Dias atrás, o movimento empresarial ES em Ação promoveu um amplo debate sobre o assunto, com a presença de lideranças empresariais e de autoridades estaduais, como o governador Renato Casagrande e o vice-governador Ricardo Ferraço. Pude participar de um dos painéis, com o vice-presidente da Fecomércio, José Carlos Bergamin, o diretor-geral da Findes, Roberto Campos de Lima, e a economista e consultora Silvia Varejão.
Defendi, na ocasião, a formação de um pacto capixaba pela competência, para preparar a nossa mão de obra para este ciclo de desenvolvimento que vivemos. O pacto pela competência deve unir o setor produtivo e o governo do Estado, numa agenda com articulação nacional, observando alguns pilares.
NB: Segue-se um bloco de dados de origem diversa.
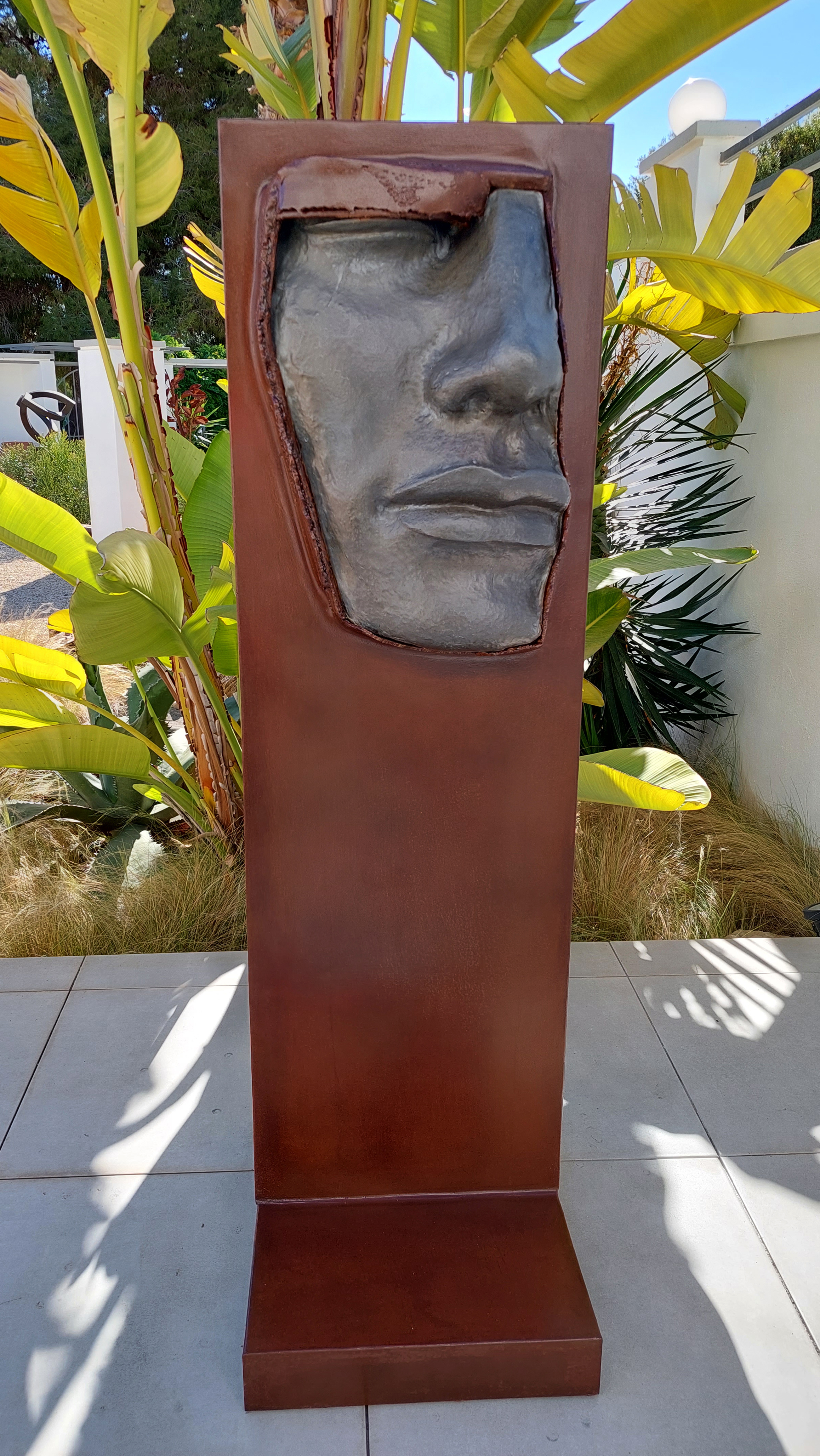 The lead alloy face is hand beaten into shape using traditional panel beating methods. This process is produced by many hours of manipulating metal over an anvil and steel shaping dollies by hammer. The face is supported by a corten steel structure complete with base.
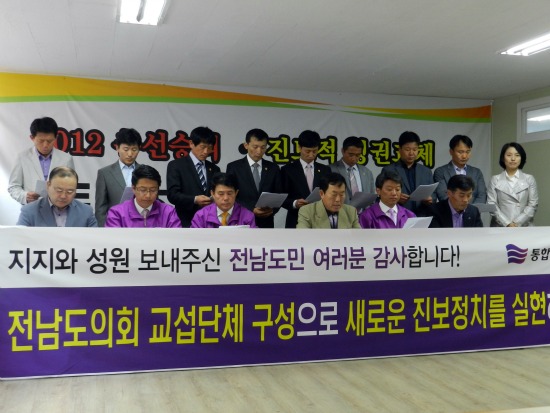 통합진보당 측은 기존 3명(이정민 정우태 안주용)에, 이번 4.11 여수 보궐선거에서 당선된 2명(천중근 김민곤)을 합해 5명이 됐으며, 장흥 제1선거구 무소속 최경석 의원과 함께 6명을 꾸려 교섭단체 모임을 만들기로 했다.
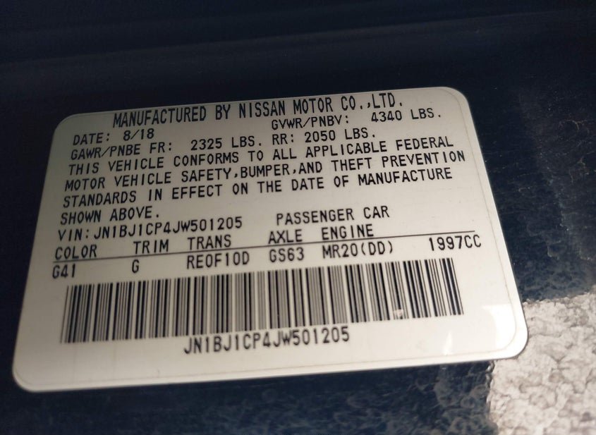 - VIN: JN1BJ1CP4JW501205
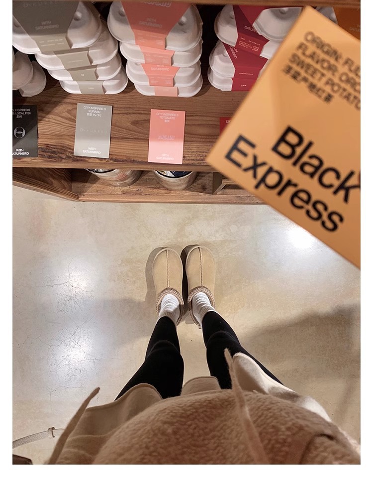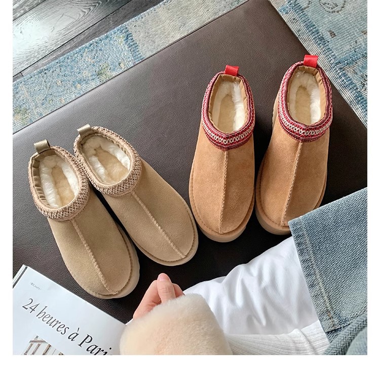 Cowhide 버전 ~ 재고 기모 두꺼운 로우 탑 코튼 신발 마오 마오 두꺼운 바닥 따뜻한 스노우 부츠 여성의 겨울스토어 가기

O primeiro pilar é inteligência de mercado, para mapear a demanda existente, identificando quais ocupações e competências vão crescer nos próximos meses e observando também as necessidades por setor e por região.
Em segundo lugar, vem a formação modular, com cursos mais curtos, para competências específicas, e, em terceiro, grande foco em requalificação de quem já está no mercado. A maior parte da necessidade não virá de novos trabalhadores, mas sim da transformação dos atuais postos de trabalho.
Diante de um cenário tão promissor na economia, o grande desafio do Estado hoje é converter o nosso potencial humano em capacidade produtiva real, em escala e com velocidade.
Dados sobre o mercado de trabalho no Estado mostram que cerca de 40% da mão de obra ocupada segue na informalidade e cerca de 130 mil pessoas estão em situação de subutilização da força de trabalho. Ou seja: o Estado não pode tratar empregabilidade como tema periférico. Precisamos nos mobilizar em torno desse pacto pela competência.